Afbeelding
maandag 25 mei 2020

Voorpublicatie: Het recht van de snelste

Hilde Postma

Steekt een hert de weg over of rijden wij dwars door zijn bos heen? Hoe kan het dat we op een knopje moeten drukken als we de straat over willen steken? En waarom reizen we steeds sneller, maar komen we geen seconde eerder thuis?

Het zijn vragen die journalist Thalia Verkade van De Correspondent en wetenschapper Marco te Brömmelstroet opwerpen in het boek ‘Het recht van de snelste’ dat dinsdag 26 mei uitkomt. Ze gaan op zoek naar een antwoord op die ene belangrijke vraag: van wie is de straat? Ze ontdekken dat het verkeer onze publieke ruimte heeft overgenomen – en laten zien dat een heel andere inrichting mogelijk is.

Een voorpublicatie.

‘Van files tot fietssnelwegen, van drempels tot deelauto’s: hoe we ons verplaatsen heeft enorme invloed op de inrichting van onze straten, onze steden én onze samenleving. Het bepaalt zelfs hoe we met elkaar omgaan.’

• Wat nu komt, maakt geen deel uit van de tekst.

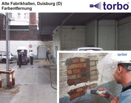 Díky možnostem, které torbo® přístroje poskytují, je možno provádět nejen hrubé a běžné, ale i velmi šetrné čištění povrchů, takže je lze využít jak při sanacích betonových povrchů, tak při odstraňovaní starých nátěrů ze štukových omítek a při čištění památek.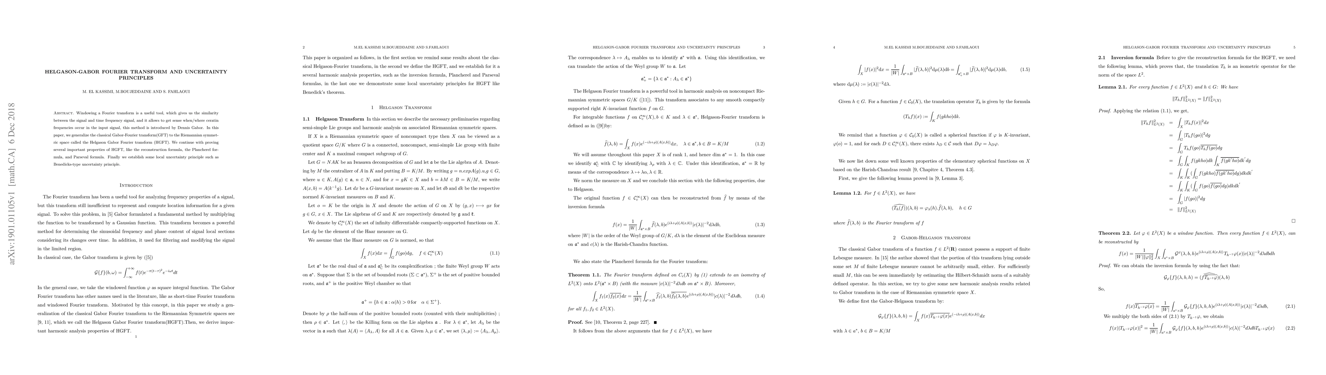 This paper generalizes the classical Gabor-Fourier transform to the Helgason Gabor Fourier transform on Riemannian symmetric spaces, proving its reconstruction, Plancherel, and Parseval formulas. It also establishes a local uncertainty principle, enhancing our understanding of frequency localization in signals.
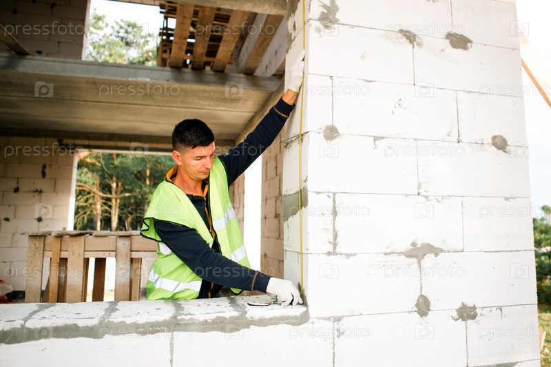 Строитель проверяет вертикальный уровень, выравнивание стен, измерение площадки, планирование строительства, профессиональную инспекцию, ремонт дома, командную работу, контроль прогресса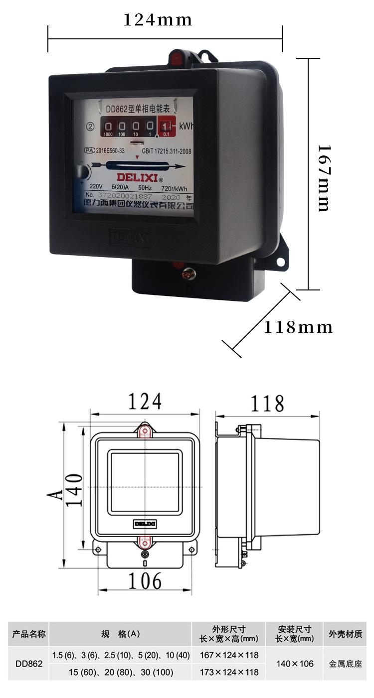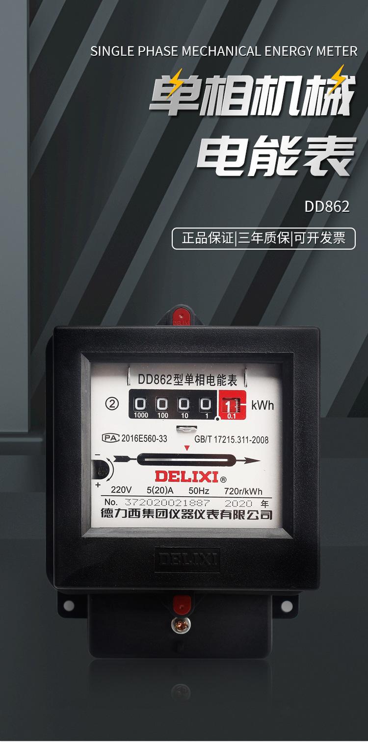 Medidor de Electricidad Doméstico Mecánico Monofásico Medidor Delixi Dd862 Tipo Mecánico en Stock Suministro Pantalla Digital Medición Precisa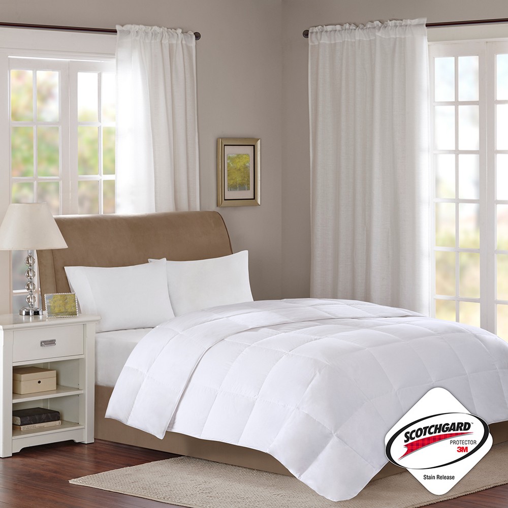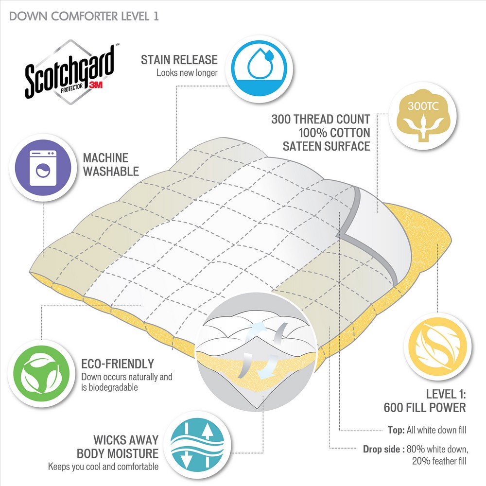 | True North By Sleep Philosophy Twin 1 Comforter: 68x88" . Comforter cover - 300TC cotton sateen . Filling - 80% white duck down, 20% feather . Filling ounce weights: Twin-18 oz, Full/Queen-25 oz, King-29 oz Casual Style Includes 1 Piece(s) Machine wash warm gentle cycle. Only non-chlorine bleach when needed. Tumble dry low heat until thoroughly dry. Do not iron. The True North Stain Release 3M Scotchgard 300 Thread Count Cotton Sateen White Down Comforter in level 1 is perfect for all-season use. The comforter is filled with high-quality 600 fill power 80% white down, 20% feather. Did you know that down provides approximately three times the warmth per ounce compared to even the best synthetic alternatives? Down is also breathable and helps to wick away moisture while you sleep. Our 300 thread count, 100% cotton sateen cover features 3M Scotchgard stain release which removes dirt easier in wash. The fabric remains soft and breathable while helping to keep your comforter looking newer longer. The end-to-end sewn-through box quilting ensures that the white down doesn't shift, so you'll never have any cold spots on the bed. Four corner loops on the comforter can be tied to help secure it within a duvet cover. This comforter is also OEKO-TEX certified, meaning it does not contain any harmful substances or chemicals, ensuring quality comfort and wellness. Items in the set may come in a rolled or compressed packaging, which will need to be fluffed up or steam ironed before use to remove wrinkles. |

De frietzak: een zeldzaam kruispunt

Fietsfiles. Het is een probleem waar vooral studentensteden steeds vaker last van hebben. Maar alleen in Nederland. Buitenlanders kijken jaloers naar ons: wat een heerlijk probleem om te hebben. En nu hebben we het ook nog opgelost.Als je vanaf de Jodenbreestraat in Amsterdam over het fietspad komt aanfietsen op het Mr. Visserplein, dan wordt de strook waarover je fietst in de flauwe bocht tot aan het stoplicht steeds breder. Stel je voor dat je aankomt bij een rood licht. Er staan al vijf fietsers naast elkaar voor de stopstreep, maar jij past daar nog naast: het is hier onverwacht breed.

Het pad links van je, voor de fietsers die hier straks vanaf de overkant komen aanrijden, is juist smal. Hier kunnen hooguit twee mensen naast elkaar rijden. Hun fietspad loopt dus taps toe.

Wanneer het groen wordt, steek je met zijn allen een grote autoweg over: nu wordt jouw fietspad langzaam smaller en het pad links van je juist gestaag breder. De fietsers naast wie je net voor het stoplicht stond, veranderen door hun verschil in tempo bij het oversteken in een sliert. Ben je de autoweg eenmaal overgestoken, dan kun je op het fietspad weer met zijn tweeën naast elkaar fietsen.

Het kruispunt ziet er gek uit met die schuine strepen: je zou bijna zeggen: ‘niet zoals het hoort’. Wat je ziet is dan ook een experiment, dat de bijnaam ‘de frietzak’ kreeg.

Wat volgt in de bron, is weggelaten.